Schon komisch, mit was heutzutage geworben wird.  :Rolling Eyes: 

Gruß, Inte.

----------

## Aldo

Also daß alles irgendwie CE/GS/whatever-geprüft sein muß um in den Handel zu kommen war mir schon klar.

(Ja, auch Teddybärchen haben CE und GS-Zertifikat)  :Very Happy: 

Mich verwirrte nur der Begriff "Zentraleinheit", da nach meinen Schulkenntnissen die CPU damit gemeint sein müßte.

Aber daß damit explizit geworben wird ist ja auch seltsam...

Wobei, wenn ich mir diverse Plexiglasgehäuse oder "Seitenfenster" in Gehäusen bei Snogard, Conrad und Co. anschaue...

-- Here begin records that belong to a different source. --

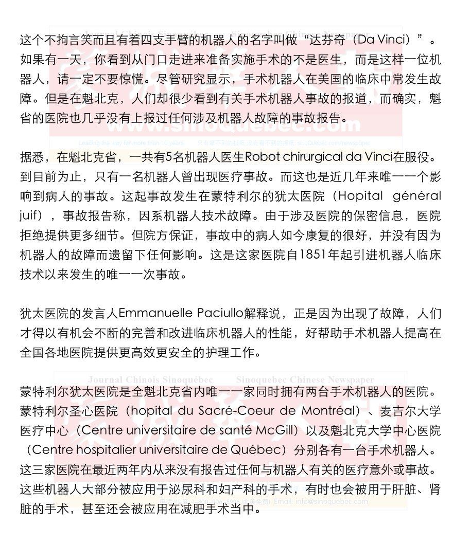 就在上个月,来自麻省理工学院(Massachusetts Institute of Technology,简称MIT)的美国研究员们完成了一项专门针对机器人在美国临床医学中的使用效果的研究。结果显示,在最近的14年中,手术机器人在美国至少造成了144人死亡,近1400人受伤。 病人被割伤、医疗器械掉落在病人体内、漏电导致灼伤等等。该报告罗列出了大量与手术机器人相关的医疗事故实例,而且事故发生率之高令人乍舌。 一名研究员表示,在调查过程中,他认为实际生活中涉及手术机器人的医疗事故可能更多,因为在美国,医院并没有义务报告每一起医疗事故。 不过,这种情况在魁北克完全不可能发生。因为魁省政府要求医院必须上报每一次医疗事故。这些报告都必须严格遵循特定的格式,并被统一按照事故类型和涉及事故的医疗设备来分类整理并保留存档。当然,这样做可能会导致医院在事故发生后要花费几天的时间来完成报告,如果情况复杂,则更有可能需要几个星期的时间才能完成报告。 蒙特利尔圣心医院(hopital du Sacré-Coeur de Montréal)手术室主任Ronald Denis医生对美国研究员得出的结论表示震惊。他说,他和手术机器人一起合作已经至少10年了。在他的从医生涯中从未见过像美国医院中发生的机器人掉落医疗器械到病人体内,或是机器人漏电灼伤病人这种事情。 Ronald Denis医生解释说,如果医生在使用机器人的过程中遇到困难,销售机器人的公司会指派一名工程师来医院,全程监视每一次有机器人参与的手术。所有外科医生在使用机器人接触病患之前,都必须接受并通过一系列的操作强化训练。在开始接手复杂病例之前,团队们必须从简单的手术开始做起。据Denis医生称,正是这些严格的措施保证了医院迄今为止并没有发生过一起与手术机器人相关的医疗事故。 值得注意的是,Intuitive Surgical公司是魁北克省一家销售达芬奇型号手术机器人的主销商。自2003年起,加拿大17200起手术死亡报告中(其中5611起来自魁北克省),该公司并没有收到任何一例与达芬奇机器人有关的索赔。 魁北克大学中心医院(Centre hospitalier universitaire de Québec)的发言人Pascale Saint-Pierre指出,美国开始使用机器人进行临床的时间要比魁北克早得多。 手术机器人的好处: 有效避免多个创口(机器人可以在微创的情况下进行手术操作,否则病人可能需要在身体多个位置大面积开刀) 减少病人的手术痛苦 有效缩小手术中的出血量 缩短住院时间 与传统的腹腔镜检查(通过手术切口将相机插入病人体内)相比,外科医生可以更好的在手术过程中观察自己的操作 有助于医院吸引并留住高水平的外科医生 坏处: 无法通过直观的触觉将病人的情况及时反馈给临床医生 |
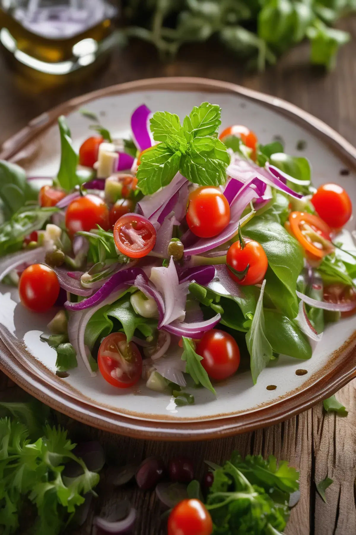A simple yet elegant salad made with mixed greens, cherry tomatoes, and a tangy vinaigrette.
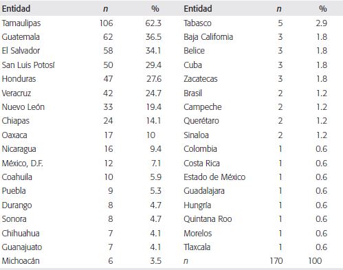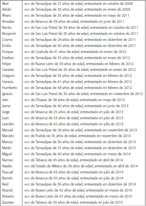 El trabajo de campo se llevó a cabo entre 2008 y 2015. En este periodo de siete años, fueron entrevistados 170 AFCF. Más de la mitad de los entrevistados eran originarios de Tamaulipas, y más de un tercio nacieron en Veracruz, San Luis Potosí, Ciudad de México, Nuevo León y Chiapas. El resto de los entrevistados eran originarios de Puebla, Estado de México, Guanajuato, Sonora, Coahuila, Texas, Chihuahua, Tabasco y Guerrero (véase cuadro 1).
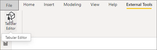 Once you install Tabular Editor, open your report in Power BI Desktop and launch Tabular Editor from the External Tools tab of the ribbon, as shown in the following image.
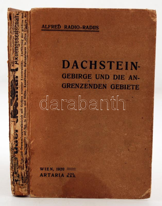 Radio-Radiis, Alfred: Führer durch das Dachsteingebirge und die angrenzenden Gebiete des Salzkammergutes und Ennstales. Bécs, 1920, Artaria. Számos fekete-fehér fényképpel. Kissé foltos vászonkötésben, gerince hiányzik.
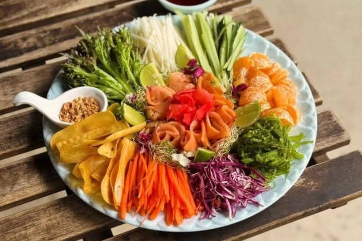 Ng-Sang Bangka menyajikan potongan ikan mentah yang dipadukan dengan saus kacang dan berbagai sayuran segar. Meski berbeda dari versi Malaysia dan Singapura, esensinya tetap sama, yaitu menghadirkan simbol keberuntungan dan kebersamaan.
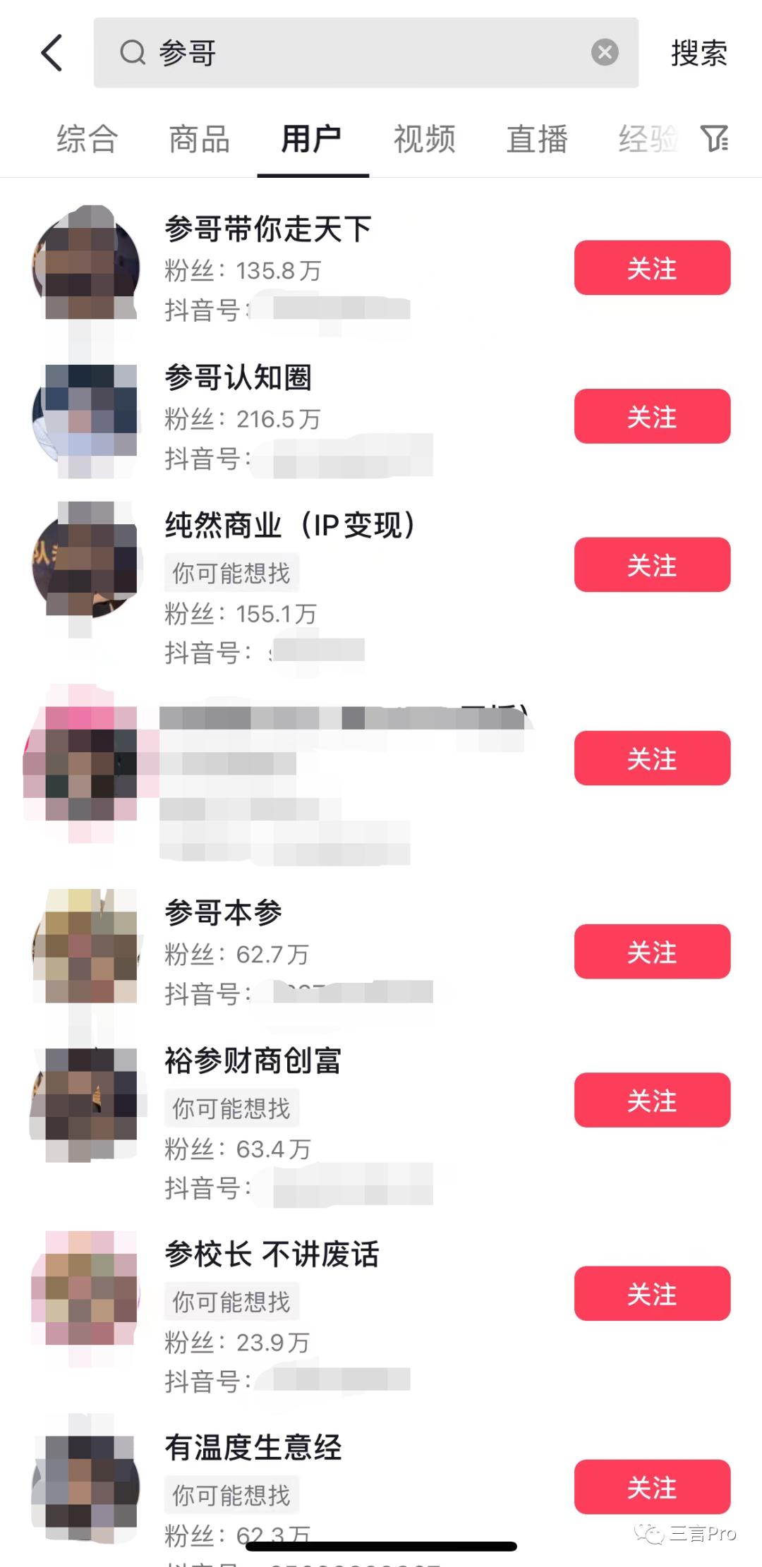 参哥自身的账号,也是玩的矩阵,在某短视频平台以“参哥”为关键字搜索用户,出来的结果一页屏幕装不下。
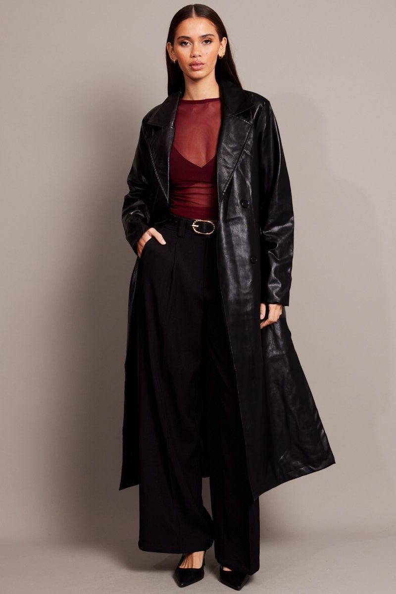 Black Trench Coat Long Sleeves Faux Leather

Von EMV keine Spur, aber CE.   :Question: 

Kann ja mit der Prüfung nicht weit her sein...

----------

## d-fens

jaja, war ja klar dass aldipc und gentooforum nicht so ganz zusammenpassen....   :Twisted Evil: 

mir gehts auch nur darum, was daran laufen tut und was nicht, ist ja auch sehr interessant zu sehen, mit welcher hardware linux z.Zt. klarkommt und womit nicht. simple!

----------

## hoschi

logischer denkansatz:

linux nutzer bauen ihre pcs meist selber zusammen, verwenden "markenhardware" mit vernünftiger unterstützung

was werde sie nicht tun?

billigen, unsinngien, medion-msi-eigenbau kaufen, und dafür noch treiber schreiben:roll:

ich fand die letzte ati graka bei medion ja so knuffig "fantasieprodukt" - mit fantasiebios - zu dem es fantasietreiber gab - allerdings nicht von ati  :Rolling Eyes: 

----------

## zinion

Die spiennen, die Römer...

Also ich kenne da jemanden bei Medion und eine harte Schwachstelle ist in fast jedem Rechner. mehr will ich da jetzt nicht erzählen, weil ich ja nicht weiss, was der mir davon eigentlich erzählen darf...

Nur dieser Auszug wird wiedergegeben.